For the moment, the French unions maintain their unity of action and have called for a new day of mobilizations, on June 6, against the pension reform and the consequent two-year delay in the legal retirement age.

Union cohesion was not taken for granted after a May Day, on Monday, very demanding, but which did not bring a human tide against the government’s policy to the streets. The nuances of more or less pragmatism among the various union organizations are set aside for now. They are not willing to capitulate.

June 6 will be the fourteenth protest since the beginning of the year and will take place two days before the vote in the National Assembly on a bill, raised by the diverse group Libertades, Independientes, Overseas and Territories (LIOT) to annul the reform of pensions recently promulgated by Macron.

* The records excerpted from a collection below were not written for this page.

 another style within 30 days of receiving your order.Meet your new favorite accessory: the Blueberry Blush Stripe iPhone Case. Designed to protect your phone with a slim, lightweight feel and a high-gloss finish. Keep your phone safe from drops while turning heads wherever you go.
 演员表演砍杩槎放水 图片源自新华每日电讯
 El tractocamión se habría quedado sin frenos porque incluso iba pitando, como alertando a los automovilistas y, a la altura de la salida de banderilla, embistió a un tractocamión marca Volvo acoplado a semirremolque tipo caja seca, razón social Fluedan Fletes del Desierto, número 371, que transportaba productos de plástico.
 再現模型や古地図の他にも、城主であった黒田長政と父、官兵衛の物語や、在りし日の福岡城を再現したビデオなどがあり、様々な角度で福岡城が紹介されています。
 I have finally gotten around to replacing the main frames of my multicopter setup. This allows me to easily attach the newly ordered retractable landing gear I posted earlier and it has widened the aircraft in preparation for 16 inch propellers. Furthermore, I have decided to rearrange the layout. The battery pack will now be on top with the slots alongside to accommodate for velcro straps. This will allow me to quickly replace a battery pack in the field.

Yesterday was a day of analysis and damage assessment. The riots into which some demonstrations degenerated, due to the presence of black blocs (anarchists and radical anti-system) were more serious than usual, with destruction of shops, looting and fires. According to the Ministry of the Interior, there were 406 police officers injured – including one severely burned when he was hit by a Molotov cocktail in Paris – and 504 arrests. The Prime Minister, Elisabeth Borne, condemned the violence in harsh terms during the parliamentary session of questions to the Government and also warned that “social progress will not come from saucepans”.

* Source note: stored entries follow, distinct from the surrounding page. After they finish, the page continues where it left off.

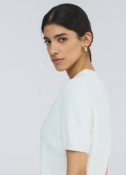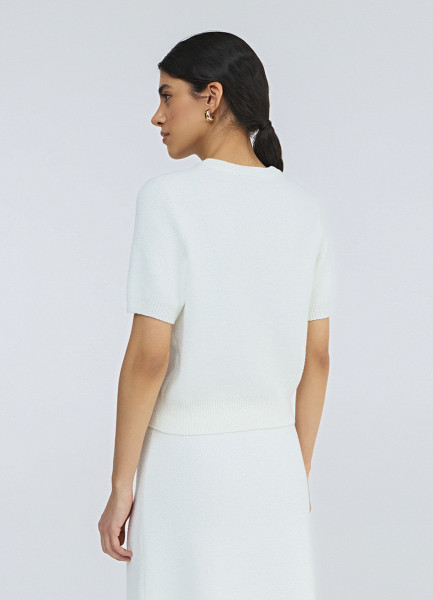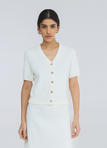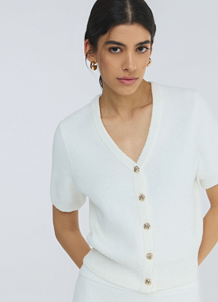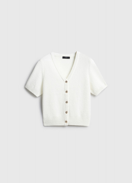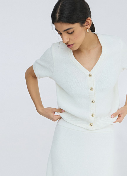 Укороченный кардиган с коротким рукавом, Белый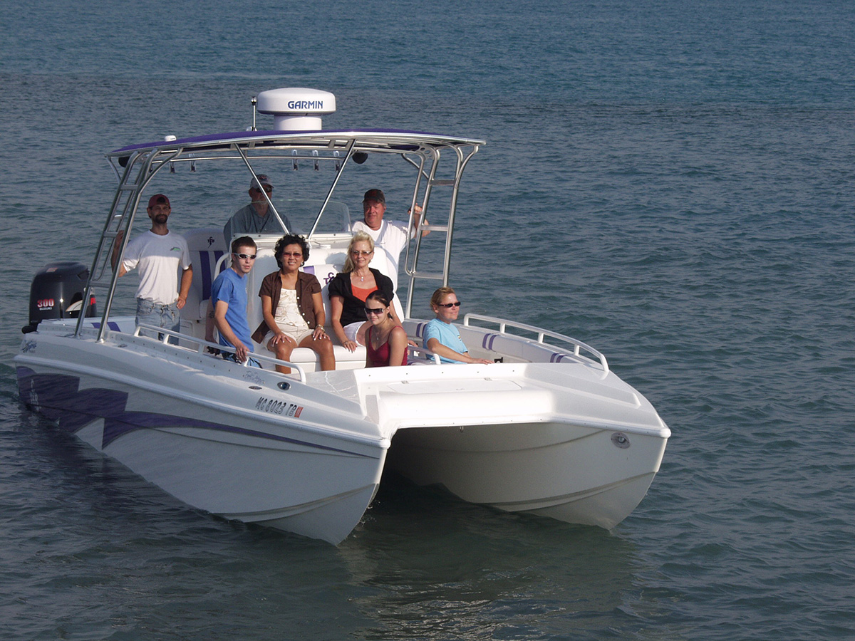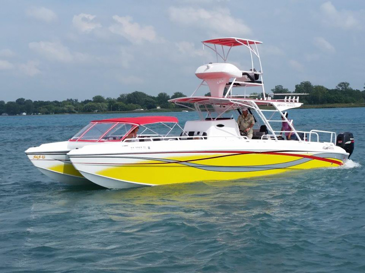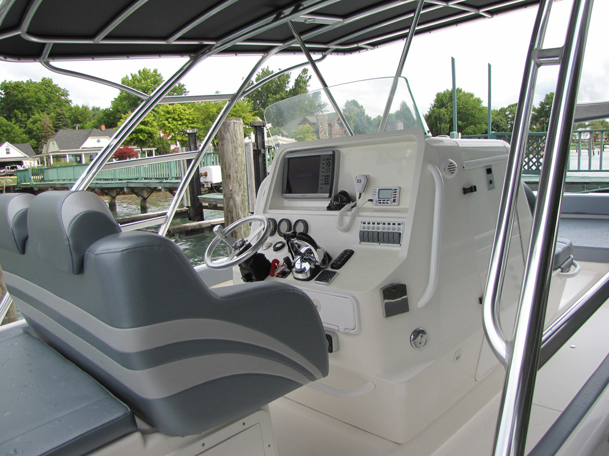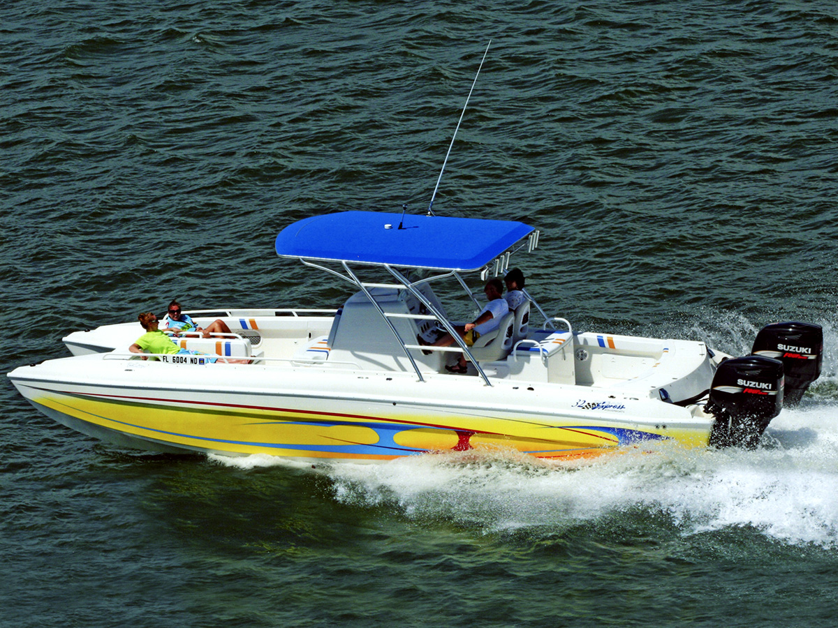 Our 32′ Center Console significantly steps up the deck space and power from its’ smaller siblings. Coming in at about 32.5′ with a beam of 10’ 6”, this model is perfectly suited for day cruising, fishing and water sports enthusiasts.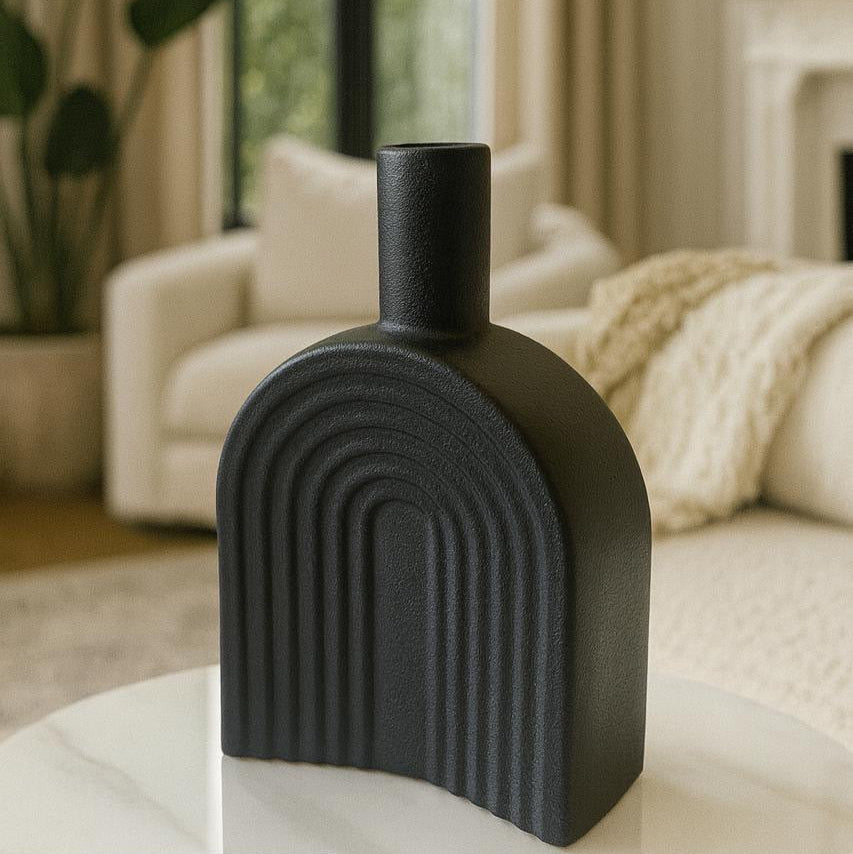 فازة شكلها غير عن العادة! تصميمها على شكل قوس بخطوط ناعمة بتعطي لمسة فخامة لأي زاوية بالبيت ✨

The Minister of the Interior, Gérald Darmanin, denounced the “complicit silence” of Jean-Luc Mélenchon, the leader of La France Insumisa (radical left) in the face of violence, and the latter accused the former of being “one hundred percent responsible” for what happened. “The police officers must be wary of such a pitiful boss,” Mélenchon tweeted.

The associations of merchants and restaurateurs in the center of the big cities are exasperated by the losses they suffer from such frequent riots, not only because of the destruction, but also because the fear of riots scares away customers. Some, like Thierry Fontaine, a spokesman for Lyon restaurateurs, have called for store-free zones to be designated for demonstrations, something difficult to achieve in practice.

In France, an environment of institutional crisis and ungovernability reigns, due to the absence of a parliamentary majority that supports the Government and the impossibility of building consensus, a situation that is complicated by the fact that the radical left and the extreme right have grown a lot in representation and they seek permanent anger. According to historian Pierre Rosanvallon, this is the worst crisis since the Algerian war (1954-1962).

The downgrading of the credit rating for France announced last Friday by the Fitch agency has had a psychological and political impact. The news gave ammunition to the government’s rivals. Fitch lowered the grade, among other reasons, for “the political impasse and (sometimes violent) social movements.” The fear is that Standard

Speaking to Le Figaro yesterday, the president of Los Republicanos (LR, traditional right), Éric Ciotti, warned that “France is dancing on a volcano” and is involved in “an infernal spiral” due to the unstoppable growth of debt and the growing gap with Germany, the reference country.